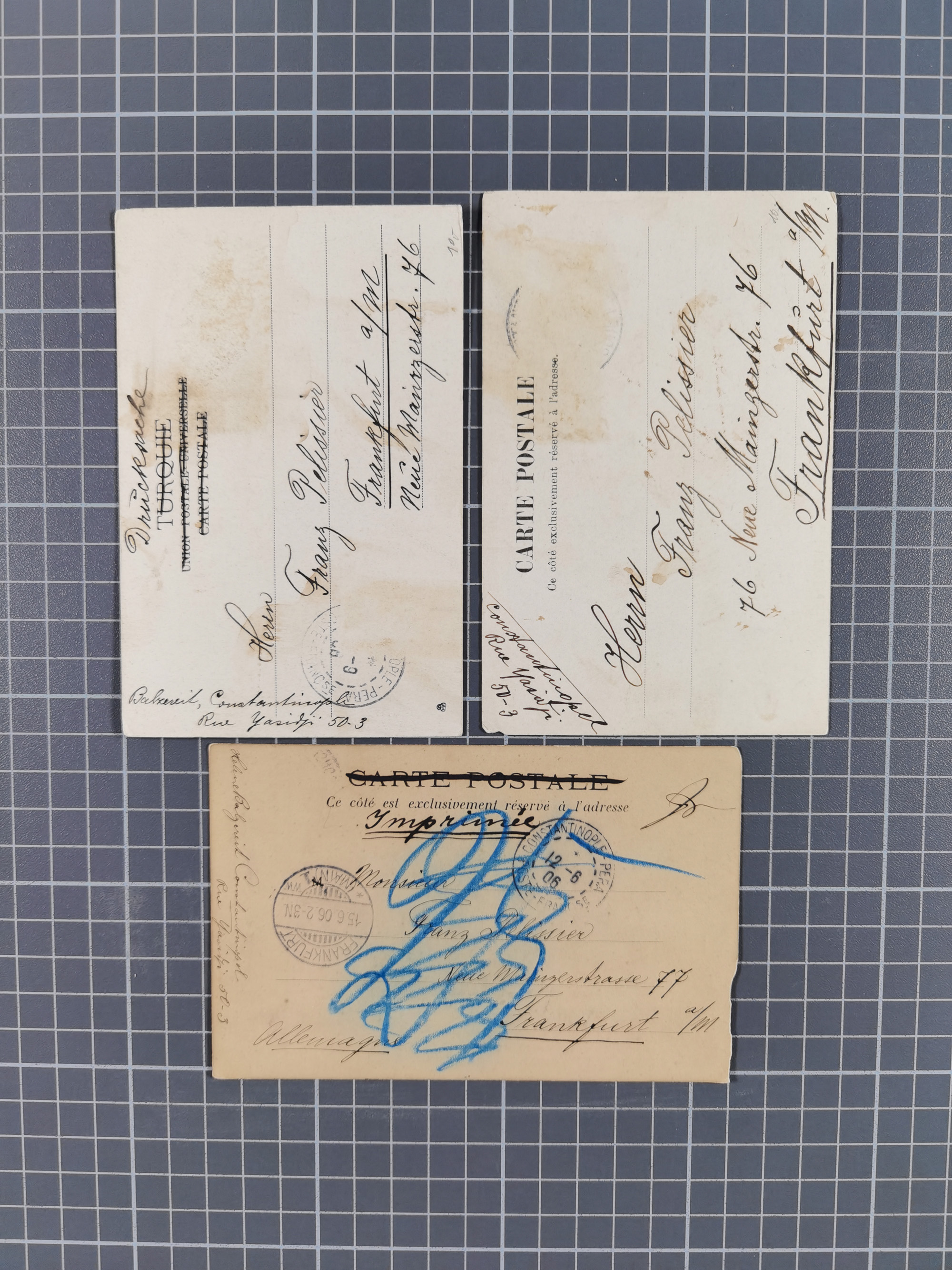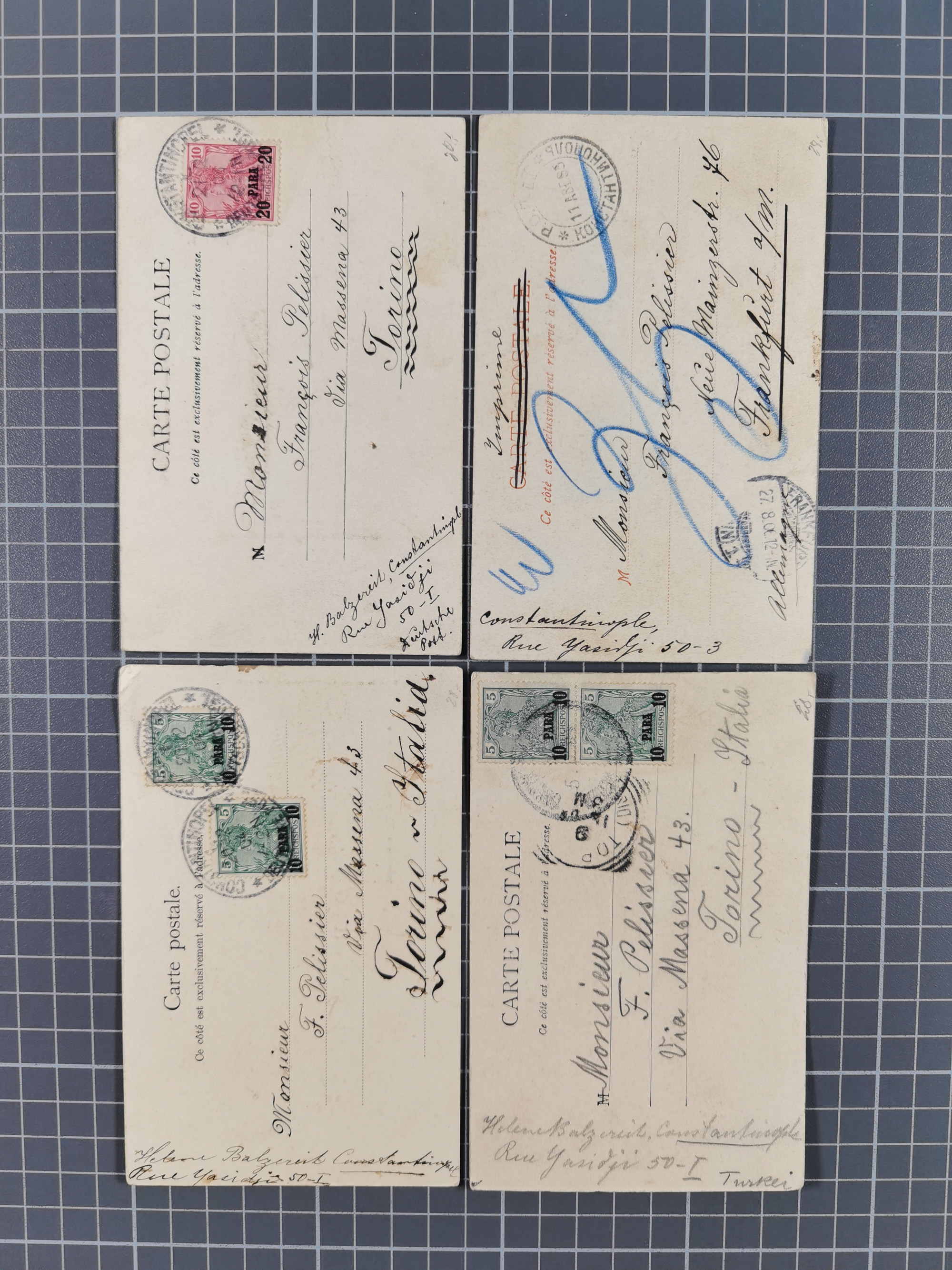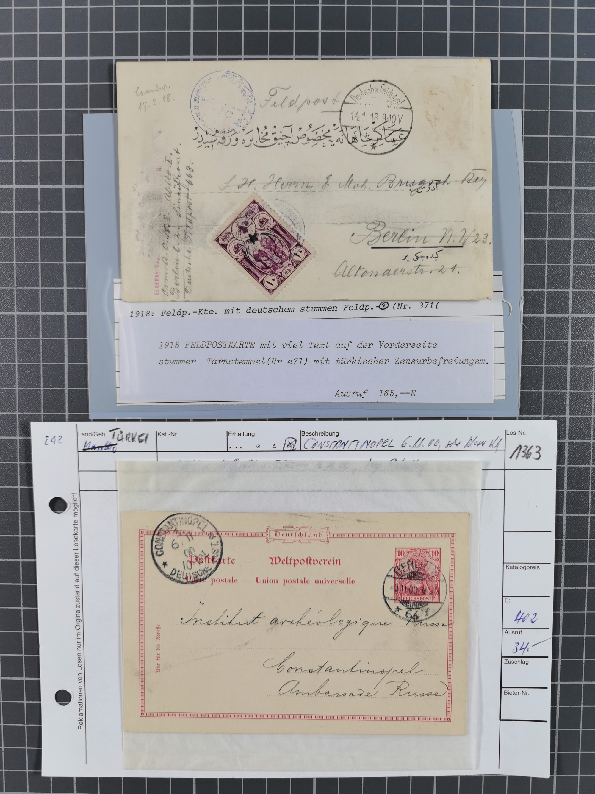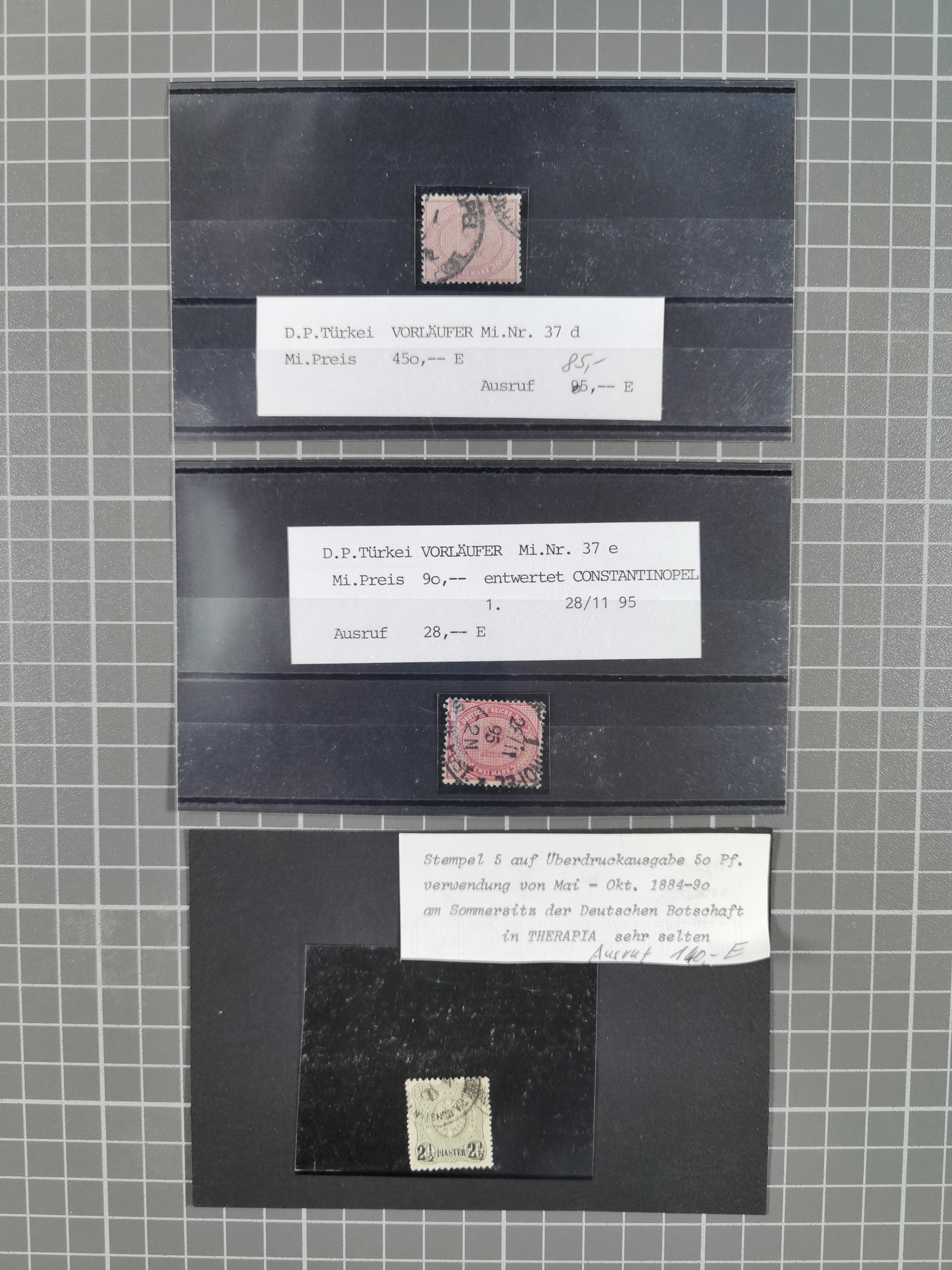1890, 2 Mark dunkelrotkarmin im waagerechten Paar in Mischfrankatur mit Ausgabe1899 2½ Piaster auf 50 Pfennig lebhaftrötlichbraun im waagerechten Paar und senkrechtes Paar 20 Pfennig violettultramarin je mit Stempel “CONSTANTINOPEL DP 1 26.3.98” auf Paketkarten-Stammteil für drei Pakete via Rumänien und Dresden nach Leipzig mit Ankunftsstempel. Die obere Marke ist fehlerhaft und ein Wert der 2 Mark ist etwas fleckig sowie das Formular mit Bugspuren und etwas verfärbt. Trotz der Einschränkungen eine recht hohe und seltene Frankatur, signiert Pfenninger und Fotoattest R. Steuer BPP (2003)
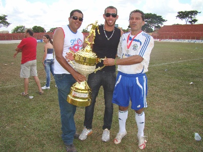 O barretense Rafael (na foto ladeado pelo jogador Laerte e diretor Edson da ADPM), goleiro que conquistou junto ao Corinthians o titulo de Campeão da Série B do Brasileirão 2008, esteve prestigiando a final do Varzeano 2008 entre Os Periquitos e ADPM
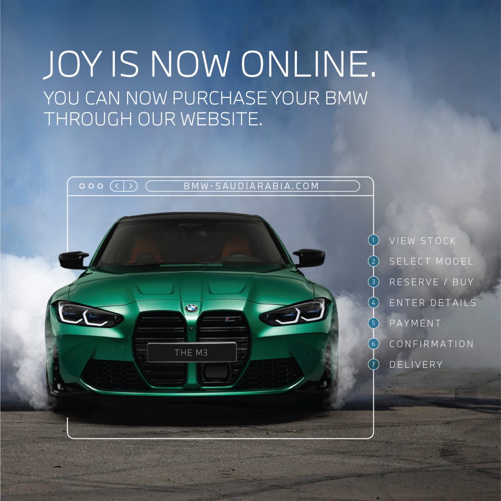 ويضمن الموقع الالكتروني سهل الاستخدام، للعملاء في المملكة العربية السعودية أفضل طريقة لشراء سيارات BMW وMINI. ويمكن للمستخدمين عن طريق هذه المنصة التحقق من توفر سيارات BMW وMINI الجديدة، بالإضافة إلى سيارة MINI Next والطرازات ضمن BMW Premium Selection*، وشراء السيارة أو حجزها بكل سهولة.

> **WHAT YOU WILL DO**: Would you output the listing above verbatim, without its pictures?

> **ANSWER TO THE PROBLEM**:
1890, 2 Mark dunkelrotkarmin im waagerechten Paar in Mischfrankatur mit Ausgabe1899 2½ Piaster auf 50 Pfennig lebhaftrötlichbraun im waagerechten Paar und senkrechtes Paar 20 Pfennig violettultramarin je mit Stempel “CONSTANTINOPEL DP 1 26.3.98” auf Paketkarten-Stammteil für drei Pakete via Rumänien und Dresden nach Leipzig mit Ankunftsstempel. Die obere Marke ist fehlerhaft und ein Wert der 2 Mark ist etwas fleckig sowie das Formular mit Bugspuren und etwas verfärbt. Trotz der Einschränkungen eine recht hohe und seltene Frankatur, signiert Pfenninger und Fotoattest R. Steuer BPP (2003)
 O barretense Rafael (na foto ladeado pelo jogador Laerte e diretor Edson da ADPM), goleiro que conquistou junto ao Corinthians o titulo de Campeão da Série B do Brasileirão 2008, esteve prestigiando a final do Varzeano 2008 entre Os Periquitos e ADPM
 ويضمن الموقع الالكتروني سهل الاستخدام، للعملاء في المملكة العربية السعودية أفضل طريقة لشراء سيارات BMW وMINI. ويمكن للمستخدمين عن طريق هذه المنصة التحقق من توفر سيارات BMW وMINI الجديدة، بالإضافة إلى سيارة MINI Next والطرازات ضمن BMW Premium Selection*، وشراء السيارة أو حجزها بكل سهولة.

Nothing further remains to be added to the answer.